It is seen that 'employer" and "establishment" are two distinct entities and it difficult to treat "employer" as synonymous with "establishment" "Employee" is defined by the Act as follows:

"2(f) "employee" means any person who is employed for wages in any kind of work, manual or otherwise, in or in connection with the work of an establishment, and who gets his wages directly or indirectly from the employer, and includes any person employed by or through a contractor in or in connection with the work of the establishment".

It is plain from these definitions that "establishment" is not the same thing as "employer" or "employee" but different and distinct from "employer" or "employee". That being so, the infancy protection, in our opinion, is to be given to establishments from the date of their being set up. As argued by learned Standing Counsel for the Government of India, the expression "set up" with reference to individual running concerns would be inappropriate and it would be apt only if understood as applying to industrial organisations.

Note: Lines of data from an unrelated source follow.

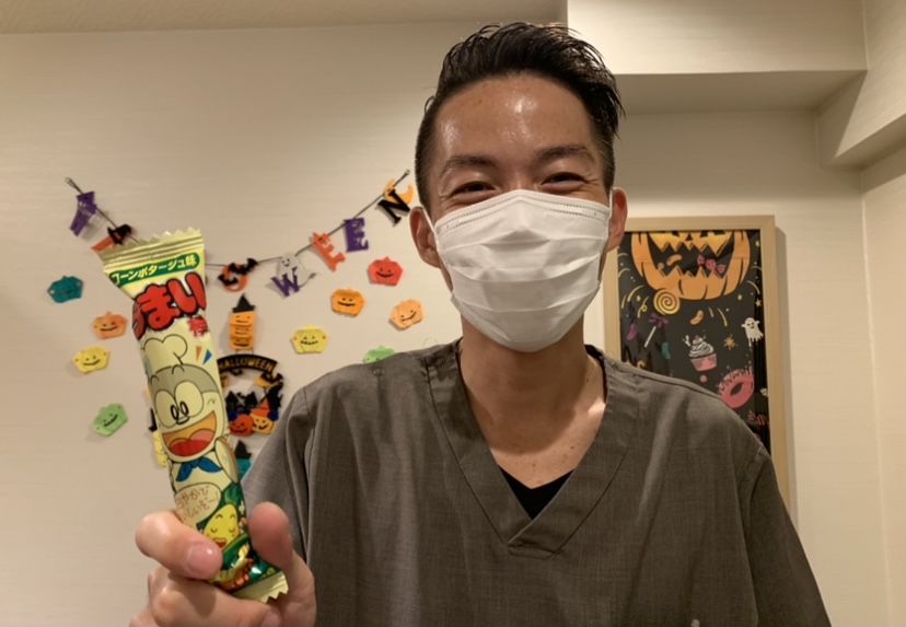 うまい棒を手に取りご満悦の様子です。
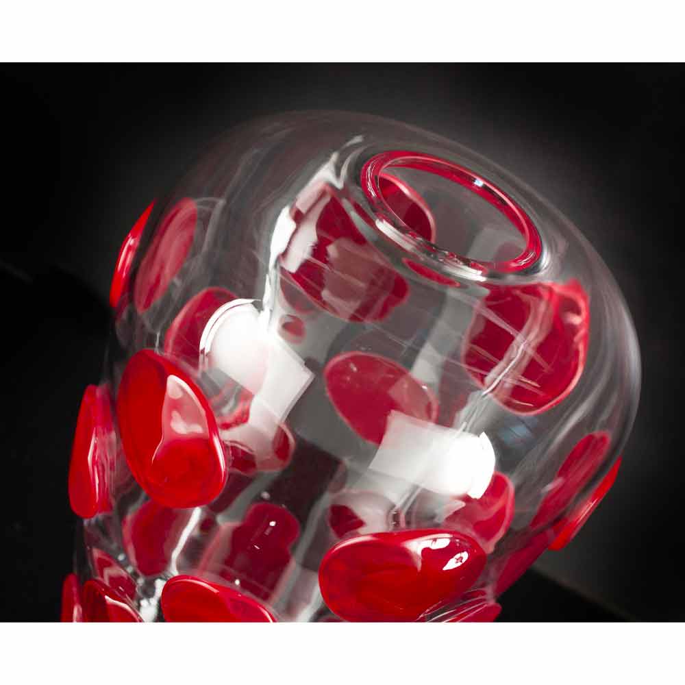 Elegant vase for interiors in transparent Murano blown glass with round details in bright red made through a process entirely Made in Italy . A complement that combines the extreme elegance of Murano glass and its wonderful features with a modern and lively design to give life to an idea of exclusive and avant-garde furniture capable of enriching any domestic space and not with a touch of color . An ideal style for the most varied environments, from home furnishings to that of hotels, restaurants, contract areas, spas but also as a setting for events and weddings.
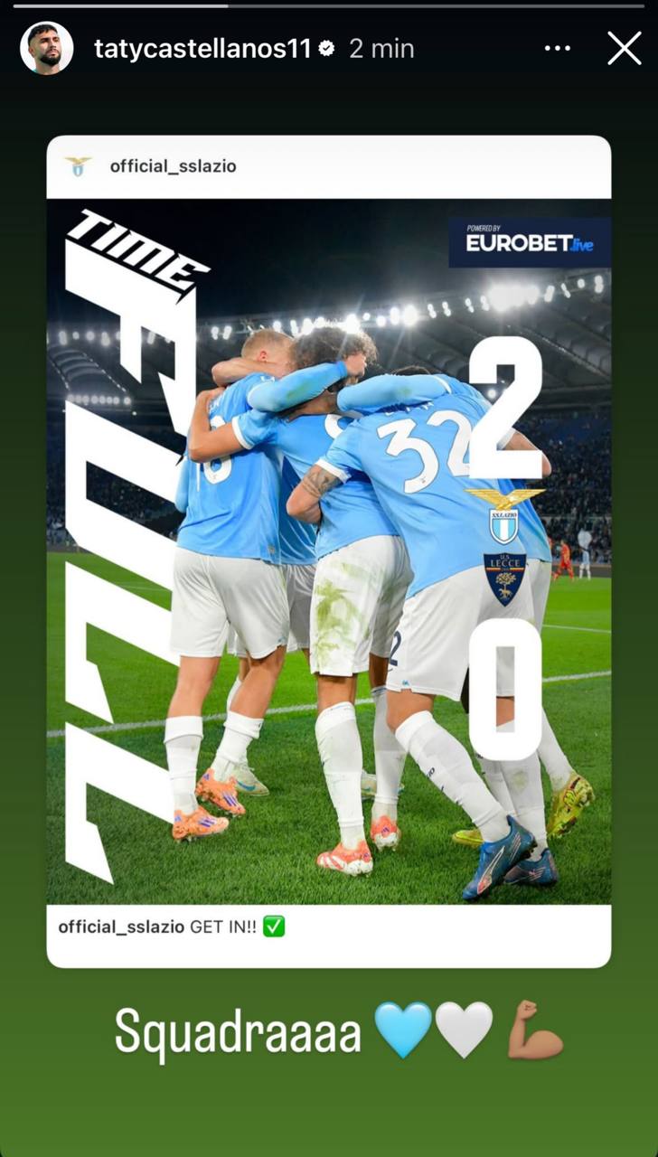 Taty Castellanos non è ancora tornato nelle mani di Sarri, ma continua a essere un punto fisso nella giornata biancoceleste. L’argentino, alle prese con il recupero dopo l’ultimo stop fisico, non perde un solo istante della sua Lazio. Anche questa sera, al triplice fischio di Lazio–Lecce, la sua reazione è stata immediata: Instagram aperto, screenshot del risultato e un messaggio semplice, diretto, sentito. È un modo per rimanere dentro al gruppo pur essendo lontano dal campo, un filo che Taty tiene teso perché sa quanto conti restare connessi al ritmo della squadra, soprattutto in momenti di crescita come quello attuale.
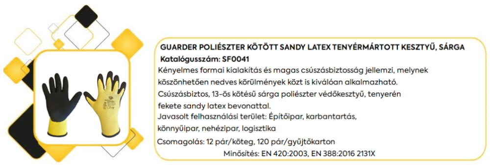 Kényelmes formai kialakítás és magas csúszásbiztosság jellemzi, melynek köszönhetően nedves körülmények közt is kiválóan alkalmazható. Csúszásbiztos, 13-ös kötésű sárga poliészter védőkesztyű, tenyerén fekete sandy latex bevonattal. Javasolt felhasználási terület: Építőipar, karbantartás, könnyűipar, nehézipar, logisztika Csomagolás: 12 pár/köteg, 120 pár/gyűjtőkarton EU szabvány: EN 420:2003; EN 388:2016 2131X

(7) We do not think that the Explanation to S. 16 extracted above really comes to the rescue of the appellant. What is argued on the basis of this explanation by Sri Raghavachari is that if it was the intention of the legislature that the change of ownership of management was outside the scope of this exemption it would have been specifically stated so. We are not inclined to accede to this proposition. If the legislature had indicated that a change of location itself cannot lead to the inference that the establishment was newly set up, a fortiori, an establishment cannot be deemed to be newly set up by reason of change of hands. A change of ownership or change of hands will not make the establishment a new one. In our opinion the postponement of the application of the Act has reference only to the date of the coming into being of the industrial or business organisation and not to the date on which a particular person acquires interest in such an organisation. The mere fact that there is a new lessee or a new owner at different points of time does not mean that the establishment comes into existence on each of such occasions.

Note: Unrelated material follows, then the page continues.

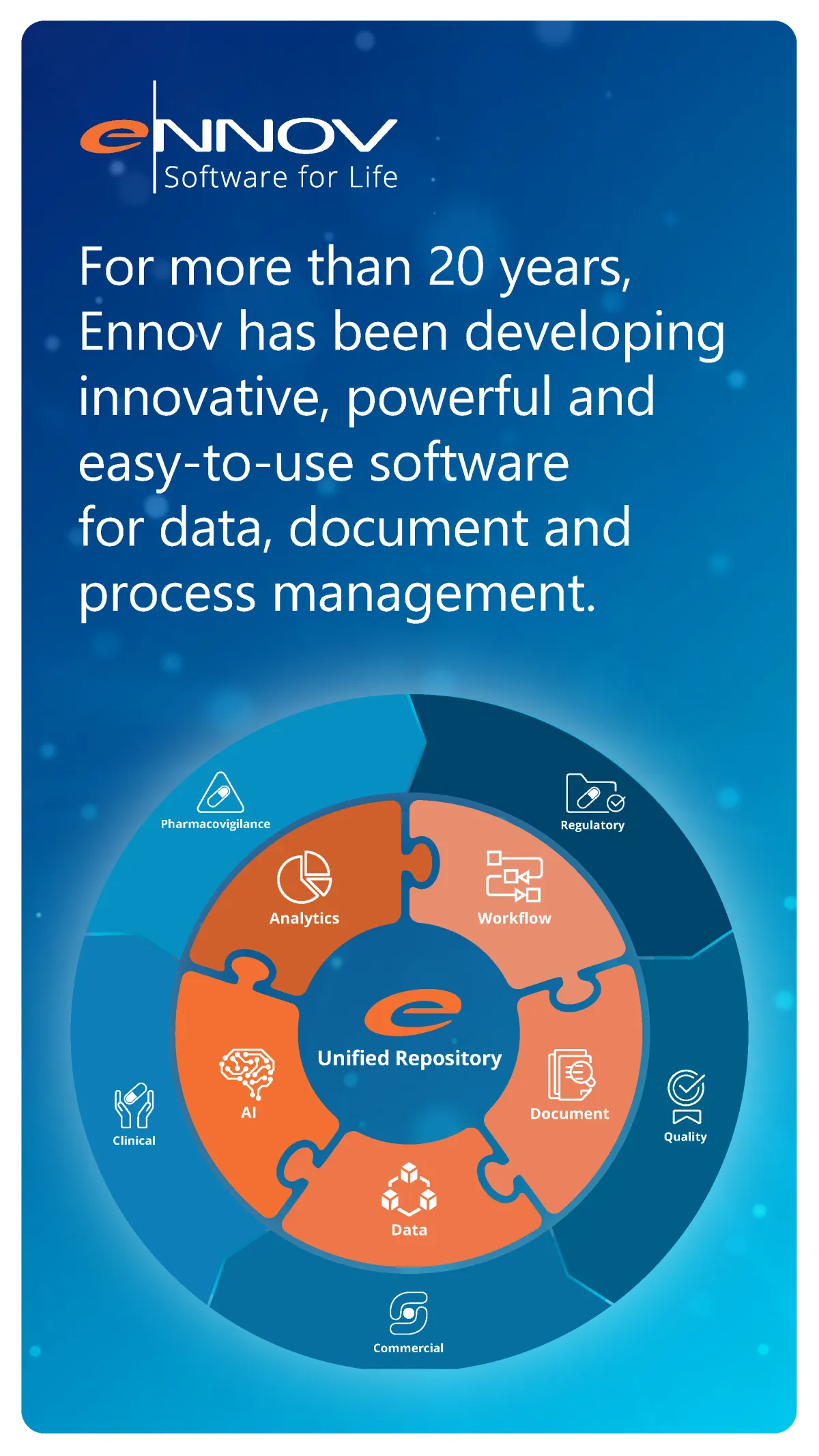 Ennov provides the most comprehensive, and cost-effective suite of software solutions for the Life Sciences industries. From leading pharmaceutical companies to emerging biotechs, we proudly serve over 300 companies and 250,000 users globally. For more than 25 years, we have been developing innovative and easy-to-use software for content, data and process management to support Clinical, Regulatory, Quality, Pharmacovigilance and Commercial operations.
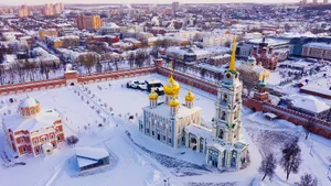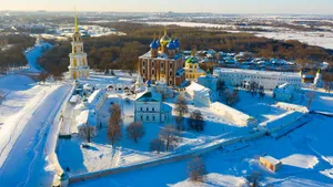 Начинать свое приключение по Рязани стоит с Рязанского кремля: это не крепость в привычном смысле, а целый ансамбль соборов и палат на высоком берегу реки. Зимой отсюда открываются красивые виды, а сам кремль выглядит очень атмосферно на снегу. А в окрестностях есть много заведений, где можно попробовать главную местную кулинарную достопримечательность — калинник.

(8) It is true that the judgment of Anantanarayanan J. lends support to the contention raised by Sri Raghavachari. But with great respect we are unable to share the view of Ananatanarayanan J. in WP 1018 of 1962: . Sri Raghavachari cited to us a judgment of

Srinivasan J. in Devi Press v. Regional Provident Fund Commissioner, , in support of his argument. According to him,

Srinivasan J. quashed the order of the Provident Fund Commissioner declining to afford infancy protection to the new concern. This is not a correct reading of the judgment. A perusal of the judgment establishes that the learned Judge declined to interfere with the order of the Provident Fund Commissioner requiring the owner of the press to contribute to the employees provident fund. What he quashed was the order in relation to administration charges. In his opinion those charges being meant to reimburse the department in respect of expenses of administration, and there being no administration involved during the period when the previous company was in liquidation, administration expenses could not be demanded. As regards the infancy protection this is what the learned Judge remarked at p. 299 (of Lab LJ): (at pp. 465-466 of AIR).

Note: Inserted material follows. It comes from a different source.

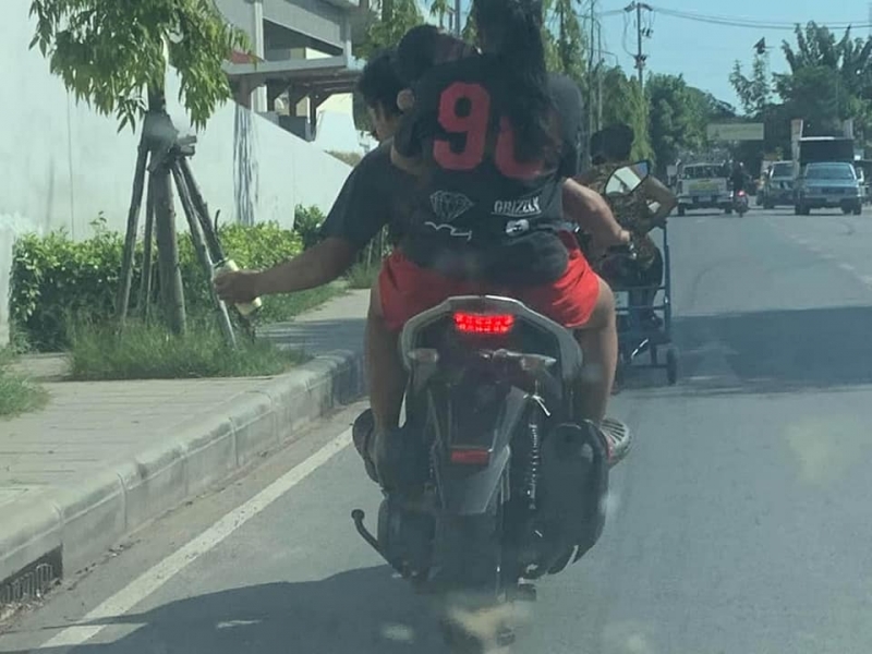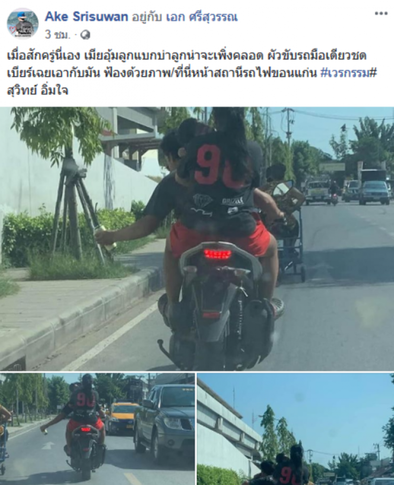 วันที่ 24 กรกฎาคม มีรายงานว่า ผู้ใช้เฟซบุ๊กชื่อ Ake Srisuwan ได้มีการโพสต์ภาพสุดสะเทือนใจ โดยเป็นภาพขณะที่พ่อแม่ลูก กำลังขี่รถจักรยานยนต์ แต่ทว่าคนขับซึ่งคาดว่าเป็นพ่อ ได้ขับรถมือเดียว อีกมือก็ถือกระป๋องเบียร์ ซดไปด้วยขณะขับขี่ ทั้งที่มีผู้หญิงอุ้มลูกน้อยซ้อนท้ายมาด้วย โดยผู้โพสต์ระบุว่า เมื่อสักครู่นี่เอง เมียอุ้มลูกแบกบ่าลูกน่าจะเพิ่งคลอด ผัวขับรถมือเดียวชดเบียร์เฉยเอากับมัน ฟ้องด้วยภาพ/ที่นี่หน้าสถานีรถไฟขอนแก่น เวรกรรม

"But that the dissolution took place a week or ten days before the issue of notification making the Act applicable to the printing industry is a patent fact. While in terms the business was not sold as a going concern to the petitioner-firm, in effect that was what was done. The entirety of the machinery, its accessories and the furnitures were taken over. The very factory and corporation licences were transferred in the name of the petitioner partnership. The fact that the claims of the workers vis-a-vis the old company were settled up to the date of the winding up or that the workers were re-employed by the petitioner partnership does not in any way touch upon the question as to the date on which the establishment came into existence. In truth, the old establishment continued, although in a the old establishment continued, although in a different name. If that is so, the date, on which the establishment came into existence, is not 25-1-1957, the date of the formation of the partnership and the carrying on of the business from that date, but the date on which the old Devi Press Ltd. came into existence. It should follow that the demand I so far as the contribution from 25-1-1957 is concerned, that demand was rightly made, the petitioner-firm not being entitled to the protection of S. 16 of the Act.

It is manifest that the learned Judge thought that the firm was not entitled to protection under S. 16 of the Act from the date it took over the concern since the concern or the establishment as such came into existence long before. So it is needless to say that the decision in on which great reliance was placed by Sri Raghavachari is of no avail to him. On the other hand, that case furnishes an effective answer to his contention.

(9) In fact, in Varadarajaswami Transports (Pvt.) Ltd. V. Regional Provident Fund Commissioner, Madras, , Srinivasan J. referring to stated,

"and in somewhat analogous circumstances the contention that a new establishment had come into existence was rejected."

So , is another ruling against the appellant.

(10) Our conclusion gains support from a number of decided cases. In Nazeena Traders (Pvt.) Ltd. v. Regional Provident Fund Hyderabad, Commr. Hyderabad, one of the contentions raised was since the petitioner had taken on lease the cinema theatre on a particular date he has entitled to have a further protection under S. 16(b) from the date of his lease. This was repelled by a Division Bench of the Andhra Pradesh High Court in these words (at page 213):

"This section contemplates the postponement of the application of the Act only to establishments and not to the persons connected with the management, the object of the provision being to afford protection to the industries subjected to the obligations imposed by the Act in their infancy. The legislature seems to have thought that these industries would establish themselves on a firm basis within 3 or 5 years as the case may be and that thereafter they will be in a position to meet the demands of the Act.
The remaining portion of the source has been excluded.